The benchmark tools themselves have minimal impact:
```
PrecisionTimer overhead: ~35ns
Function call overhead: ~37ns
Statistical calculation: <1μs for 10k samples
Memory allocation test: ~100-500ns per iteration
```

### System Requirements

- **x86_64 CPU** with stable TSC (most modern processors)  
- **Linux, macOS, or Windows**
- **Rust 1.70+**

**Platform Compatibility Note**: This benchmark crate uses x86_64-specific intrinsics (`core::arch::x86_64`) for high-precision timing via CPU timestamp counters. It will not compile on ARM-based systems (including Apple Silicon Macs).

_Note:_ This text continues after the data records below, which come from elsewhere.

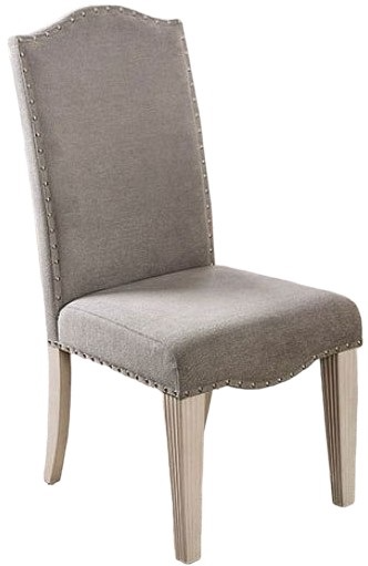The fluting up the legs of the chairs give them an added sense of height, as they eyes are naturally drawn up to the gray upholstered seating. Small touches like a nailhead trim, camel back design and sleight curving back give this set a touch of class.
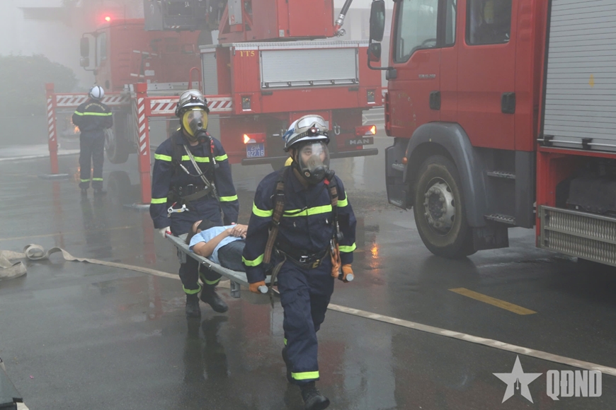 Toàn bộ hoạt động diễn tập diễn ra trong điều kiện mô phỏng sát thực tế, kiểm tra khả năng ứng phó của lực lượng cơ sở, đánh giá sự phối hợp giữa các lực lượng chuyên nghiệp khi xử lý tình huống cháy nổ tại chung cư cao tầng.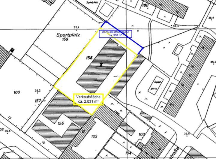 Zum Verkauf steht eine Grundstücksteilfläche von ca. 2.031m² mit einem nicht unterkellertem Technikgebäude (Baujahr 1995) mit gemeinschaftlicher Zuwegung. Für das Verkaufsobjekt besteht ein Geh- und Fahrrecht.

For ARM platforms, consider using alternative timing mechanisms or conditional compilation.

### Limitations

- **CPU frequency scaling** can affect accuracy (disable for best results)
- **System load** impacts measurement consistency  
- **Compiler optimizations** may eliminate benchmarked code (use `std::hint::black_box`)
- **First run variance** due to cache warming and JIT compilation

### Integration with Other Tools

Use alongside other profiling tools for comprehensive analysis:
- **perf** for hardware counter analysis
- **valgrind** for memory profiling
- **flamegraph** for call stack visualization  
- **criterion** for statistical benchmarking

This library excels at **microbenchmarks** and **latency-critical code paths** where nanosecond precision matters.